## Task
Omitting every picture, copy the lines from the one that contains "tay co thủy" through the last line of the records below, exactly and with nothing added.

### Given entries ###

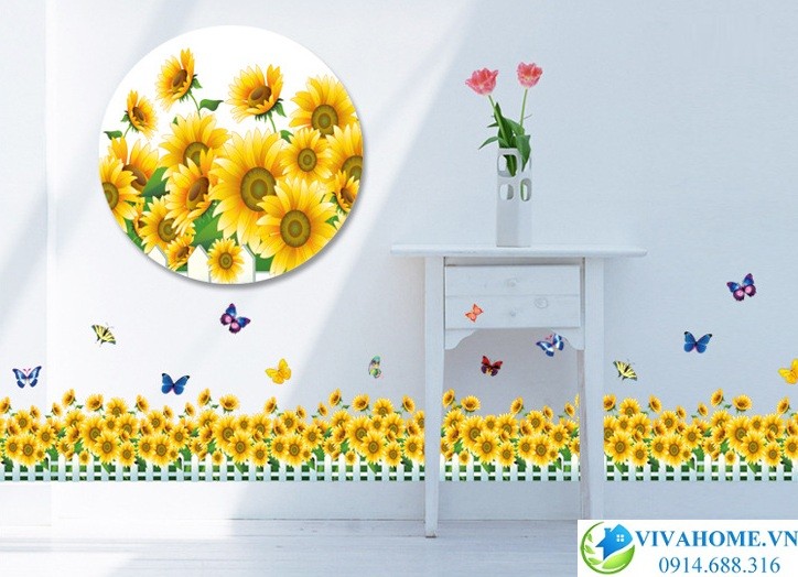 Decal dán chân tường Hàng rào hoa hướng dương
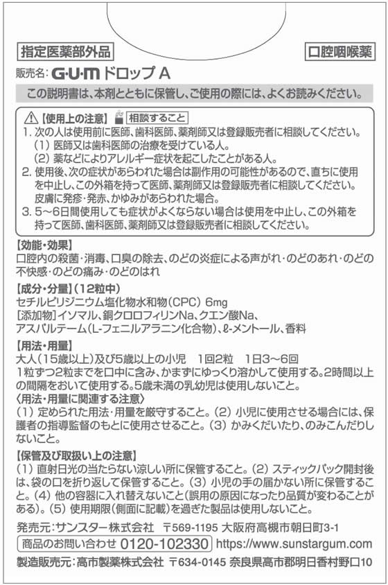 ●効能・効果:口腔内の殺菌・消毒、口臭の除去、のどの炎症による声がれ・のどのあれ・のどの不快感・のどの痛み・のどのはれ
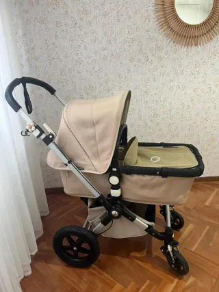 Silla de paseo Bugaboo Camaleón 3 en color beige. Un clásico versátil y funcional. - Chasis de aluminio. - Capazo y silla. - Capota extensible. - Ruedas todoterreno. Algunos desperfectos por uso, se ven en las fotos.
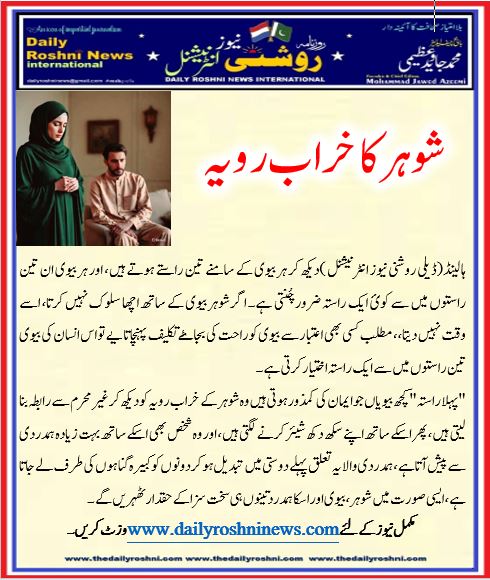ہالینڈ(ڈیلی روشنی نیوز انٹرنیشنل )دیکھ کر ہر بیوی کے سامنے تین راستے ہوتے ہیں، اور ہر بیوی ان تین راستوں میں سے کوئ ایک راستہ ضرور چُنتی ہے۔ اگر شوہر بیوی کے ساتھ اچھا سلوک نہیں کرتا، اسے وقت نہیں دیتا،، مطلب کسی بھی اعتبار سے بیوی کو راحت کی بجاۓ تکلیف پہنچاتا یے تو اس انسان کی بیوی تین راستوں میں سے ایک راستہ اختیار کرتی ہے۔
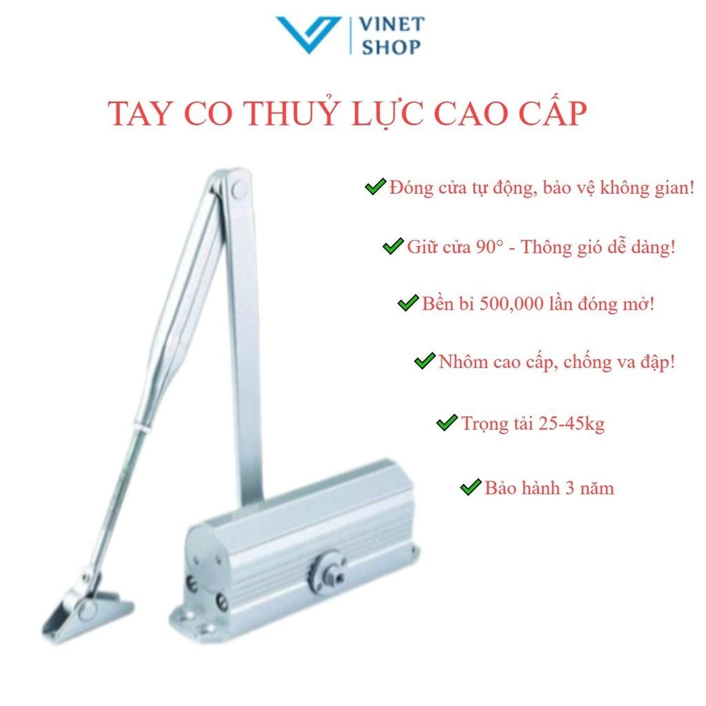 tay co thủy lực (tay đẩy hơi) là thiết bị giúp đóng cửa tự động. Khi cửa mở, lực lò xo của tay co sẽ kéo cánh cửa vào và đóng lại một cách tự động, tạo sự thoải mái, tiện lợi.
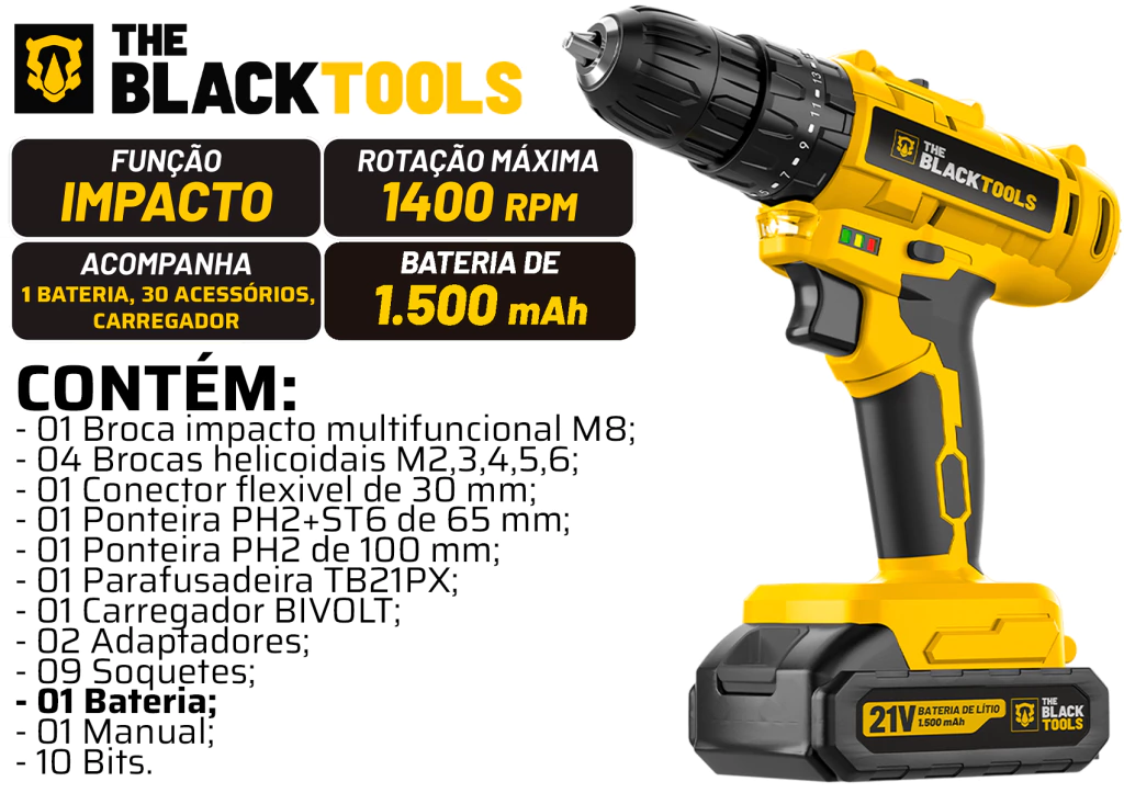 .Distribuído por Ismafer Ferramentas FURADEIRA PARAFUSADEIRA DE IMPACTO SEM FIO A BATERIA 21V 3/8 10MM COM MALETA E ACESSÓRIOS TB-21PZW - The Black Tools

###

## Your solution
 tay co thủy lực (tay đẩy hơi) là thiết bị giúp đóng cửa tự động. Khi cửa mở, lực lò xo của tay co sẽ kéo cánh cửa vào và đóng lại một cách tự động, tạo sự thoải mái, tiện lợi.
 .Distribuído por Ismafer Ferramentas FURADEIRA PARAFUSADEIRA DE IMPACTO SEM FIO A BATERIA 21V 3/8 10MM COM MALETA E ACESSÓRIOS TB-21PZW - The Black Tools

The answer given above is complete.